The strong tendency is to win public funding by bringing community purposes into the fold. Examples such as the Red Cross blood donation centre at the new Sydney Swans headquarters to Arden Street's education spaces blend community benefits with elite sporting infrastructure.

"So this is an exciting project," Mr Albanese said.

"It … goes together with the $240 million that we (the government) have for this project that will see here a stadium, that will see housing, that will see private investment as well.

"That will see, importantly, see the port facilities so that we can have greater access to the Antarctic from here as well.

"This is a revitalisation project that will transform this city. This is one that I'm very pleased to support."

The federal government's messaging around Macquarie Point suggests Tasmania, too, must play the community investment game to ride out risks around such a relatively enormous federal and state expenditure.

What's the funding model?

Questions are often asked whether governments must be the ones funding big stadiums.

The two main examples of private funding in Australia are Docklands and Stadium Australia.

Docklands was built at a profit by private investors and eventually bought out by the AFL two decades later. Tenant clubs often felt the financial pain under early tenancy conditions.

On the other hand, Stadium Australia was eventually bought from its investors by the NSW government after profits failed to materialise.

Sydney's Stadium Australia is now owned by state government agency Venues NSW. (AAP: Dan Himbrechts)

There are also some smaller private stadiums, such as the Dolphins and Sharks' home grounds in the NRL, and Cazalys owned by AFL Cairns.

"Governments are almost always the central funder of sports stadia and arenas in Australia," Buckland said.

"Very few leagues, and fewer teams, can generate the kind of revenue you need to pay for the operations and maintenance of infrastructure, let alone pay back the capital.

"But there are ways sports infrastructure can be delivered which taps both public and private sectors, helps protect taxpayers from risks, and achieve both commercial and social objectives."

The Macquarie Point proposal earmarks $85 million of its budget coming from private partnerships. If achieved, it would represent one of the larger private stadium outlays yet seen, but still not sustain much of the total cost.

"Perth Stadium was delivered utilising a Public Private Partnership," Buckland explained.

"The government pays part of the costs and contracts business to do the rest. Business then takes responsibility for operating and maintaining the stadium and surrounding precinct.

"They also get to keep the revenue associated with the stadium.

"A model like that could work well given what we know about this proposal."

A different world

Government spending on stadiums can be controversial overseas, but in Australia it is rare to see much political blowback.
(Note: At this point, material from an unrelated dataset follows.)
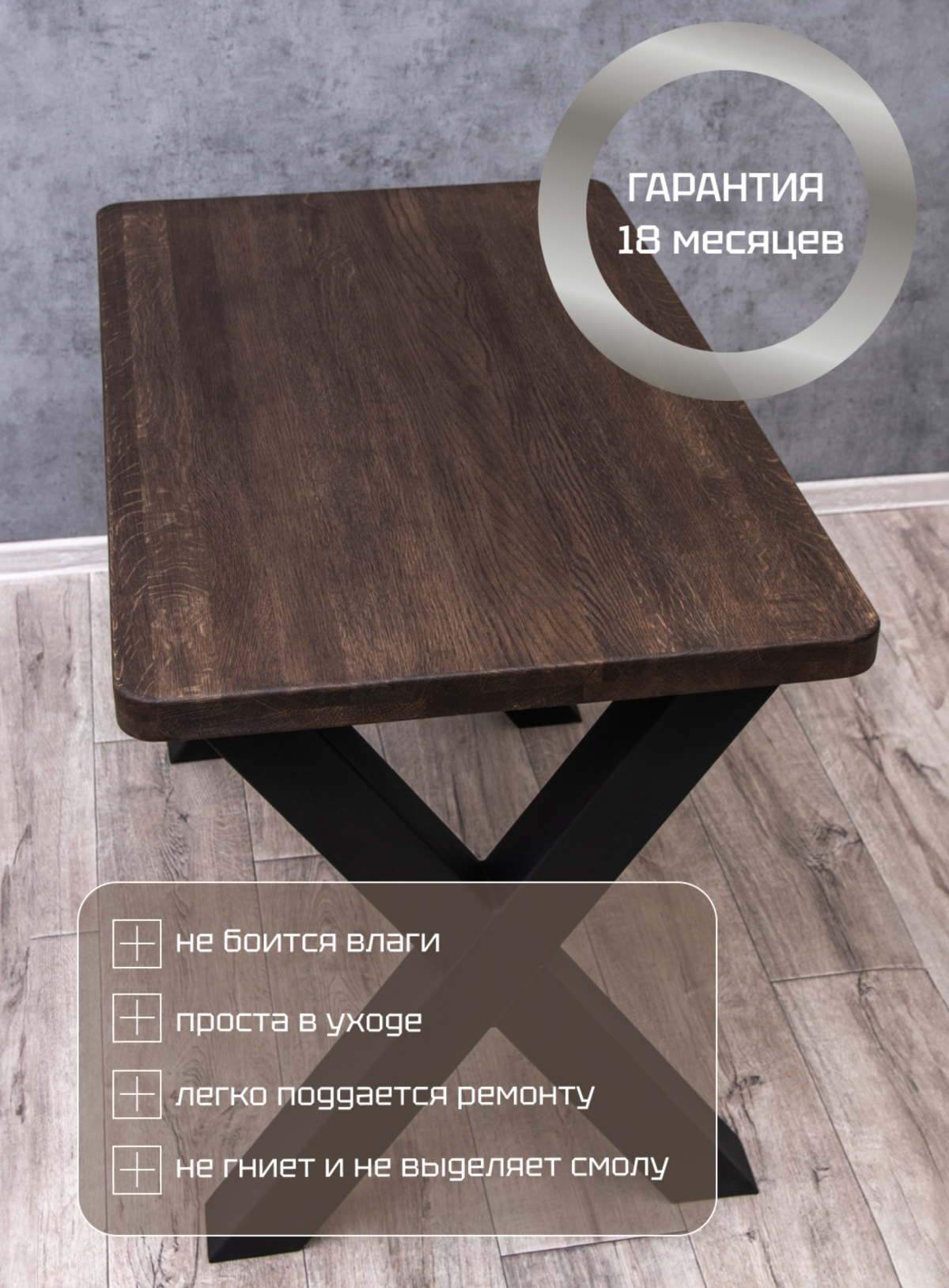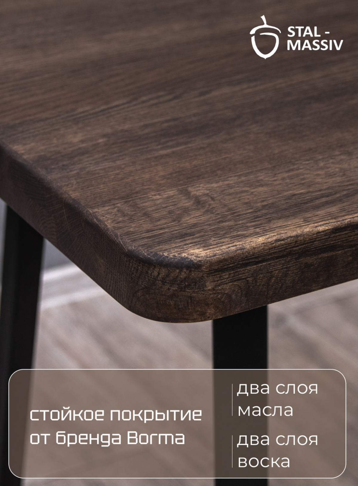 Массив дуба, используемый для изготовления столешницы— прочный, износостойкий и влагоустойчивый материал, способен выдерживать значительные нагрузки и служить на протяжении многих лет. Деревянный щит из дуба покрыт двумя слоями итальянского масла Borma и специальным воском.

The controversies end up largely forgotten once a footy is kicked.

Australia spends a lot on sport, community and elite. The size and scope of the Tasmanian projects, in a small and disadvantaged polity, may prove more difficult to navigate.

Albanese's announcement was met by a wave of loud protesters, requesting the money be spent elsewhere on hospitals and housing.

Sport administrators regularly argue that their elite-level funding is in service of something greater. Tasmanian football figures have long tied lack of elite representation to falling community participation rates.

Any recent football club headquarters project will show the norm is to win public funding by bringing community purposes into the fold.

The appeal of the Tasmanian AFL team is usually pitched as a way to revitalise a struggling game and engage young people on the ageing and deprived Apple Isle.

Given the federal government has now funded Macquarie Point, other jurisdictions may also come calling for funding.

For example, Canberra Stadium desperately requires upgrades or replacement in order to continue to service the community.

While $240 million might be a drop in the federal budget, multiples of that may have impacts elsewhere on the economy.

Only time will tell how the Tasmanian investment will play out.